About 50 years ago a finely wrought version of the same instrument was designed by the American physicist A. A. Michelson. In 1926 it indicated a speed of 299,769 kilometers, which is close to the currently accepted value of 299,792.5 kilometers (186,282 miles) per second. Experiments of this kind have fascinated Sam Epstein (3929 Soud1 Orange Drive, Los Angeles, Calif. 90008). Last year Epstein, who is a chemist, built a homemade version of Michelson's instrument, primarily to learn how closely he could approach Michelson's result. Epstein describes his experiment.


Path followed by light beam

"I did not aspire to duplicate Michelson's experiment, which was performed over a distance of 22 miles, since I had available a working distance of only about 2,000 feet. The experiment can be done over still shorter distances, however, by folding the light beam with additional fixed mirrors to make a total path of some 2,000 feet. The result is achieved at the expense of slit-image intensity, which decreases as the number of reflections increases. Alternatively, even shorter working distances can be accommodated by rotating the mirror at speeds proportionately higher than the 7,200 revolutions per minute of my apparatus. The total length of the triangular path between the two reflecting surfaces of my rotating mirror (via the fixed mirrors) was 1.131 kilometers (3,711 feet). The distance from the slit image, which appears on a translucent screen, to the rotating mirror was 18.57 meters (60.93 feet). I refer to the path as the radius arm.

"This combination of working distance, mirror speed and radius arm resulted in an observed displacement of the slit image of more than 10 centimeters with respect to the position of the image when the rotating mirror was at rest. I measured the displacement of the image to within .01 centimeter. I was therefore able to determine the speed of light to within .1 percent of the accepted value.

"Light reflected by the rotating mirror falls on the distant fixed mirrors only a small percentage of the time. It arrives at the screen as a series of short flashes that constitute a small fraction of the light transmitted by the slit. Although the well-known effect called persistence of vision causes the observer to see a continuous image of the slit, the image is relatively dim. For this reason a highintensity light must be used. My light source is a carbon arc between graphite electrodes; it is the kind found in professional motion-picture projectors.
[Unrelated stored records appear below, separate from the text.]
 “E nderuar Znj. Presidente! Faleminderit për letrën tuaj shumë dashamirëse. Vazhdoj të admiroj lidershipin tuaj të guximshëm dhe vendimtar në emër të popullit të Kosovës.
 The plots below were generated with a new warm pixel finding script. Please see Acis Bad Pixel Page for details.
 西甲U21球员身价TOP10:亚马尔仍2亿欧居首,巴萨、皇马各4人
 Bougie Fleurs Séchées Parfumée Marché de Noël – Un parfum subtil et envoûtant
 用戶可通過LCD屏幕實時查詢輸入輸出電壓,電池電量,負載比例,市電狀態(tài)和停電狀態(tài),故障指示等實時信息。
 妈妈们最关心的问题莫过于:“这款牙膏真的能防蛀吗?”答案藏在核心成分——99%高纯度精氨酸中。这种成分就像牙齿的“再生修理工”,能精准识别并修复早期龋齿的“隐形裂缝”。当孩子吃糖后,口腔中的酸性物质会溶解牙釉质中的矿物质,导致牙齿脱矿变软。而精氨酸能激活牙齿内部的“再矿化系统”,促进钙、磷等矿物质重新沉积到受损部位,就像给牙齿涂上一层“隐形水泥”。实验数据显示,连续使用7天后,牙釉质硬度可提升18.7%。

"A household appliance such as a toaster, an iron or a room heater of about 1,000 watts must be connected in series with the arc as a ballast resistor to limit the current to about 10 amperes. The light can be made even brighter by inserting a full-wave rectifier of silicon diodes in the circuit. Silicon diodes rated for 10 amperes at a reverse potential of 200 volts or more are currently available from dealers in surplus materials for less than 25 cents each. All connections in the circuit must be tight to avoid secondary arcing.


Details of the arc lamp

"The arc can be struck by pushing the carbons together momentarily and pulling them apart. An alternative is to place the electrodes almost in contact and then brush both tips simultaneously with a third electrode held in one hand. The hazard of receiving an electric shock can be avoided by standing on a dry, non-conducting surface such as a rubber mat, wearing dry leather gloves and adjusting one electrode at a time.
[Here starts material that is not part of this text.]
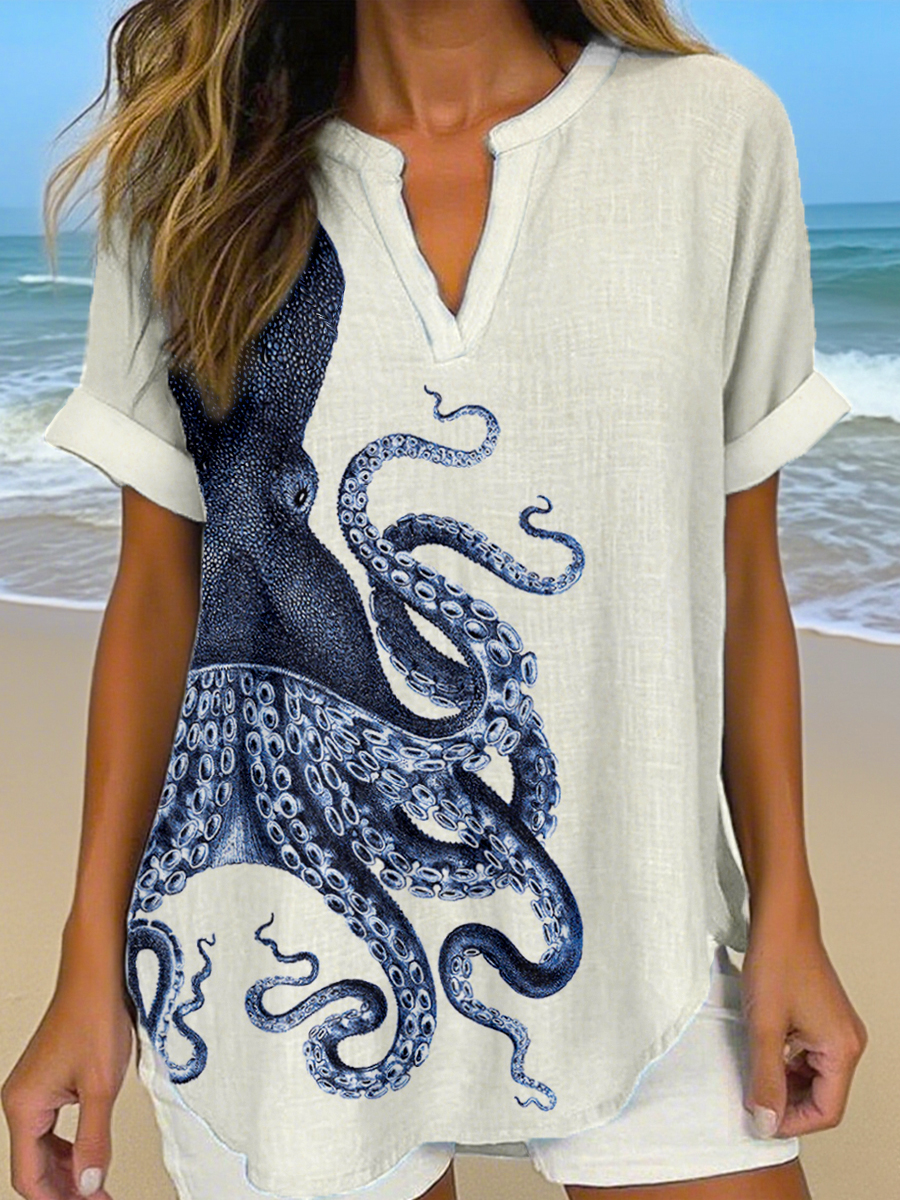 Damen Octopus Kunstdruck Leinen hemd$28.99 USD$52.10 USD
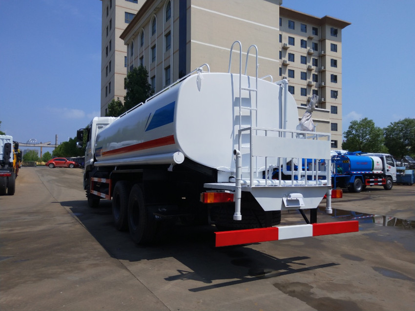 1、僅選用4350+1350軸距底盤,有效容積:14.6立方米。 2、整車長/前懸對應關系為(mm)10200/1500,10180/1480。罐體尺寸(罐體長×長軸×短軸)為(mm):6700×2300×1370。 3、側防護及后下部防護裝置均采用Q235B材質,均采用焊接連接, 后部防護斷面尺寸(mm):150×50,后部防護離地高度(mm):480。 4、ABS型號/生產廠家:3631010-C2000/東科克諾爾商用車制動系統(十堰)有限公司,ABS 8/東科克諾爾商用車制動系統(十堰)有限公司,4460046450/威伯科汽車控制系統(中國)有限公司。 5、專用裝置:罐體,主要用于園林綠化及灑水。6、隨底盤選裝駕駛室。

"The arc lamp can be constructed largely from Transite, an asbestos board that is available from dealers in lumber. To confine the light the working parts of the lamp should be enclosed in a Transite housing fitted with a ventilation chimney, although the outer ends of the graphite electrodes must be accessible so that they can be pushed inward from time to time as the arc consumes the graphite. The length of the arc can be monitored continuously by focusing a reflected image of the glowing tips of the electrodes on a small observing screen outside the housing [see illustration at left]. A carbon arc should never be observed directly without eye protection such as a welder's eye shield. I found by experiment that the optimum space between the tips of the electrodes is about five millimeters.
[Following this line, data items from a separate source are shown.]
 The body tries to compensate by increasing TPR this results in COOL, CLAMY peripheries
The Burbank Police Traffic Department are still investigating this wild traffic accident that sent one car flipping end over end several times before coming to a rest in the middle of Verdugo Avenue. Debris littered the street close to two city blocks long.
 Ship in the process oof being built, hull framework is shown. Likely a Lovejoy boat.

"The slit and the condenser lens should be placed so that the images of the glowing tips of the electrodes fall beyond the ends of the slit. Light from the arc should pass through the slit but light from the glowing electrodes should not. The condenser lens should be far enough from the arc so that the glass does not heat up excessively.


Optical bench of Sam Epstein's apparatus

"The distance between the collimating lens and the slit must be adjusted to equal exactly the focal length of the lens. The diameter of this lens should be sufficient to intercept rays that diverge from the full width of the slit. Excess light from the ends of the slit that would diverge beyond the collimating lens is blocked by a screen with an aperture equal in diameter to the width of the collimating lens [see illustration at right]. Ordinary two-inch magnifying glasses of about six-inch focal length serve as both the condensing lens and the collimating lens in my apparatus. A11 components on the optical bench must be solidly mounted and centered on the optical axis of the system.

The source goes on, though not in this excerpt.